Stewart has written 11 books and co-authored another three. Her most recent book Canada: The Food, The Recipes, The Stories, published in 2008 but reprinted in Spring 2013, is an extensive compilation of recipes from across Canada, and from all the cultures of Canada. Recipes focus on the importance of local fresh ingredients (rather than a small handful of dishes to “represent” Canada). Diversity is celebrated: Ukrainian, Indian, Scottish and French recipes, for example, are included, spanning from Red Shoes gingerbread to lamb and from prune tagine (a Moroccan dish) to grilled pacific halibut garnished with Indian-spiced yogurt.

Such variety doesn’t surprise New Brunswick-based Christina Allain, a food activist and blogger who specializes in Acadian cuisine. Even culinary choices within Acadian cuisine vary vastly from region to region, she says, and that’s just one subculture. “We’re the contrary of a homogenous group,” she adds. “You look at Acadia and
all the differences in the region; they blow up when you look at all of Canada.” Like much of Canadian cuisine, Acadian food has been heavily shaped by relying on regional ingredients. Whatever grew in the area became a central part of the food—one reason why seafood is so prominent.

Allain’s favourite recipe is Acadian chicken fricot, which she describes as “a hearty stew containing potatoes, dumplings, chicken, and summer savoury.” Allain adds that a dish like chicken fricot can be reinvented depending on where the cook is located in Canada and what seasonal ingredients are available.

Let’s not forget the role of pre-colonial food, either.

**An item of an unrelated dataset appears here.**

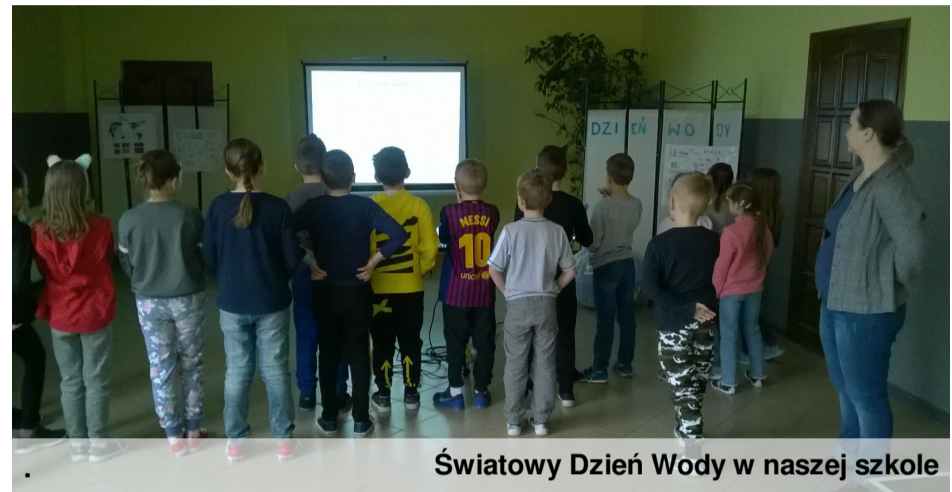
Światowy Dzień Wody w naszej szkole

Indigenous cuisine is anything but new—you could call it the original food of Canada, produced centuries before our legal independence as a country in 1867. Yet unlike other historical comeback foods, such as Acadian cuisine, indigenous dishes are rarely available in restaurants, and there is no sense they’ve become popularized in grocery stores. Like with the broader Canadian cuisine conundrum, indigenous food is hard to define. Despite stereotypes that would limit it to bannock, indigenous cuisines across Canada are both diverse and largely dependent on the geography and natural vegetation of the region.

Rich Francis is an aboriginal chef (his father is Tetlit Gwich’in and his mother is Tuscarora). He’s currently working on perfecting his own restaurant, District Red, which specializes in indigenous cuisine. He’s also a Season 4 Top Chef Canada finalist. His focus is on pre-contact indigenous food—dishes that existed before European colonizers came to the land North America. First Nations food, from post-contact right up to today, says Francis, is perceived as both bland and boring— largely because it was a colonized diet given to First Nations. Much of the original tradition and culture was lost in that colonization, he adds. But that’s changing.

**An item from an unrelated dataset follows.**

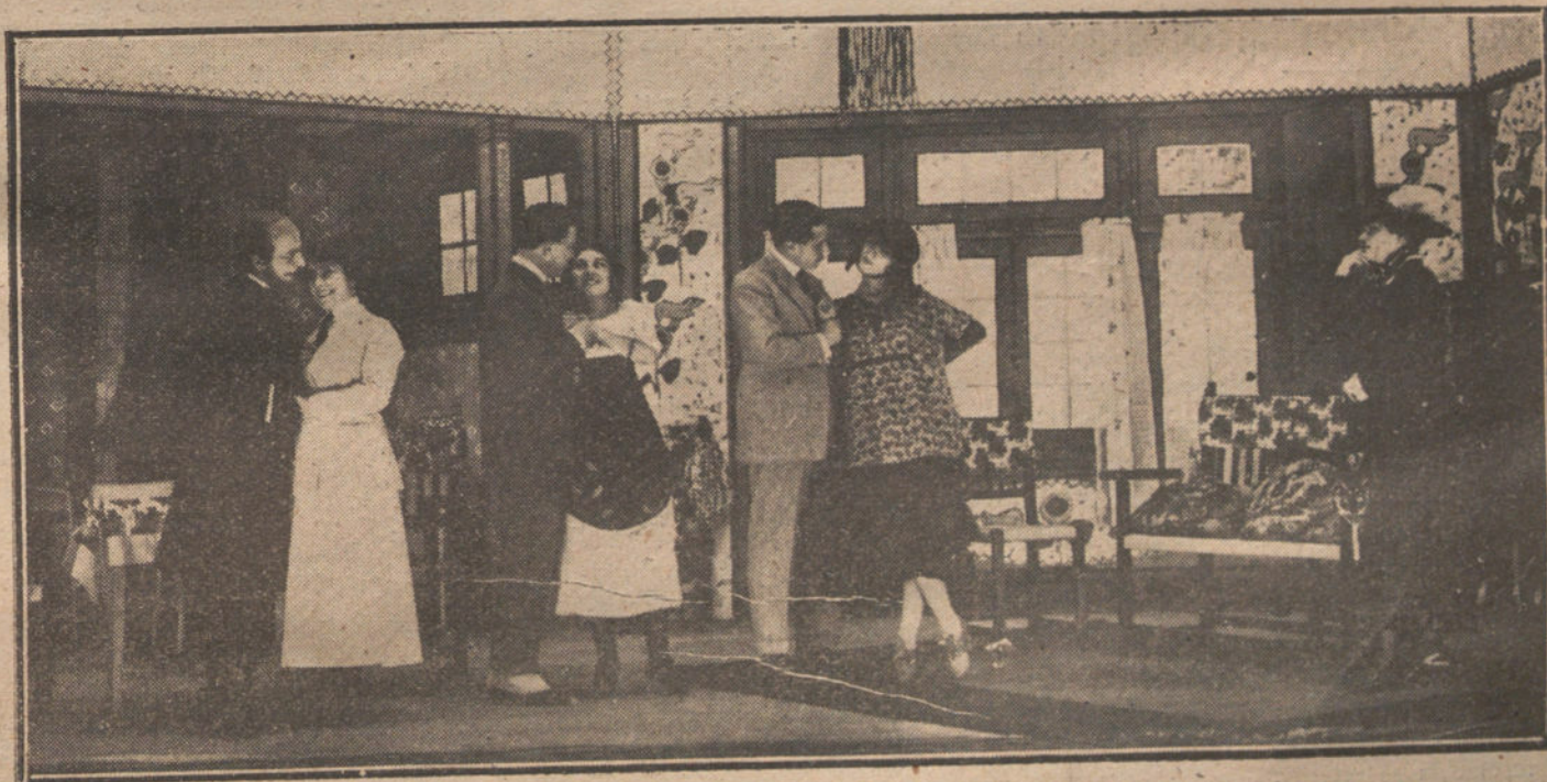
Una escena de la comedia «La importancia de llamarse Ernesto», estrenada anoche en el teatro de la Princesa.

Oficinas militares.—Ingresa un aspirante.

Francis hopes District Red will help bring indigenous foods to mainstream cuisine in Canada. “The ways I achieve this is by going back to before pre-contact,” says Francis, “utilizing what’s been given to us through tradition, culture and storytelling.” Francis wants to add his “personal touch, fearless creativity, and modern cooking technique”
to traditional indigenous foods, without feeling constricted by labeling his food as Canadian.

When I later ask Stewart how she would explain Canadian cuisine to someone who’s not from Canada, she says she’d tell them to get in the car, start driving, and eat their way across the country. Though a cross-country road trip may not be exactly practical, Stewart has a point. Maybe that’s what Canadian cuisine is: not a few iconic dishes, but a constant exploration of foods and people—a cross-country journey of flavours and histories that make up an entire nation’s cuisine. “If we squander our food tradition, and we turn our back our own products, then we turn our backs on our history, because food is the basis of everything,” says Stewart. “All I know is we’re cooking really good food in Canada and have for a long time.”